The high-dose hook effect, or prozone effect, is a laboratory phenomenon known to cause false negative or decreased results in immunoassays caused by a surplus of analyte. In heterogeneous immunoassays, antigen excess results in solely binding of each antigen to either a soluble detection antibody or a solid-phase coupled antibody. The reduction or absence of antigens sandwiched between the solid phase and detection antibodies causes the detection antibodies bound to free antigens to be washed away instead of adhering to the solid-phase, leading to an erroneously low result. In homogeneous immunoassays, the antigen excess prevents formation of large antigen–antibody complexes since every antibody is saturated with two separate antigen molecules.3
Analytes with broad plasma ranges in physiologic or pathologic conditions, like tumour markers and several hormones, are especially susceptible for the high-dose hook effect. Therefore, these assays are made to function properly in these broad ranges. Depending on which immune analyser is used for determining ferritin concentrations, the hook effect occurs at concentrations ranging from >40,000 μg/L to >250,000 μg/L.4 Product specifications of the Beckman Unicel DxI, the single step immunoassay used in our cases, guarantee that the analyser is not susceptible to this phenomenon for concentrations up to 40,000 μg/L. In case a sample exceeds a concentration of 1500 μg/L, an automatic five-fold dilution is performed by the analyser. If, after this dilution, the concentration still exceeds the highest standard of the calibration curve, a result of ‘>7,500 μg/L’ is reported and a manual dilution will be performed. This normally does not lead to any errors since in most pathological conditions ferritin concentrations do not exceed this value. However, ferritin concentrations in our first patient peaked at 387,000 μg/L and in our second patient at 138,000 μg/L and lead to falsely decreased results without any error notification.
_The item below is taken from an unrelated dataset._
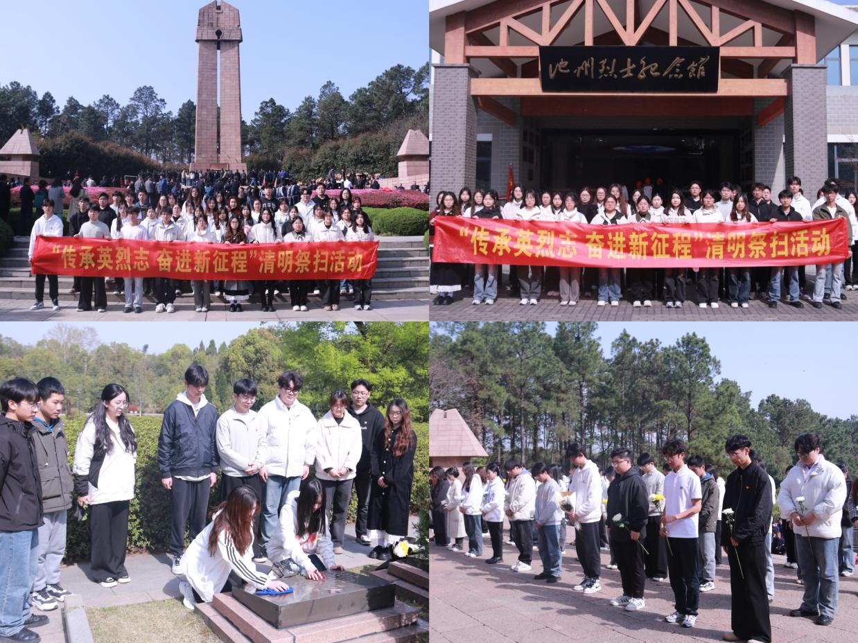 组织开展“传承英烈志奋进新征程”清明祭扫活动。4月2日上午,校团学骨干、青马班学员以及各二级学院学生代表共60余人前往池州市烈士陵园开展“传承英烈志奋进新征程”清明祭扫活动。活动现场,全体师生整齐列队,肃立默哀。学生代表向革命先烈敬献花篮并仔细擦拭墓碑,寄托对先烈的无限敬仰和沉痛哀思。在庄严肃穆的烈士纪念碑前,学生们庄严宣誓,表示将继承先烈遗志,坚定理想信念,以实际行动践行初心使命,让红色基因、革命薪火代代相传。

To show the hook characteristics of the ferritin assay, plasmas of both patients were diluted. Results are shown in Figure 1. In case 1, at an expected concentration of circa 370,000 μg/L, the immunoassay ‘hooked’ to a reported concentration of circa 270 μg/L. The high-dose hook effect disappeared after a manual eight-fold dilution. In case 2, at an expected concentration of circa 140,000 μg/L, it ‘hooked’ to circa 1200 μg/L. In this case, the effect disappeared after a two-fold dilution. These dilutions show that the effect occurs at concentrations of approximately 80,000 μg/L. However, there seems to be no clear sharp cut-off value, above which reported results always are falsely decreased. This is depicted by day 25 of case 1 where the phenomenon did not occur at 105,000 μg/L. Because the high-dose hook effect often leads to realistic results, not being nil, recognition of falsely decreased results can be challenging.
Figure 1.
Ferritin concentrations vs. dilution rate.
Fortunately, in these particular cases, the falsely decreased ferritin concentrations were instantly questionable during clinical validation of patient results. Both falsely decreased results were reported on a clinical validation list because of violation of a delta check rule showing an unrealistic drop in ferritin concentrations and were therefore reanalysed after manual dilution of the samples. However, if these patients would not have had previous extremely high ferritin results, the falsely decreased results would not have been selected based on a delta check rule violation.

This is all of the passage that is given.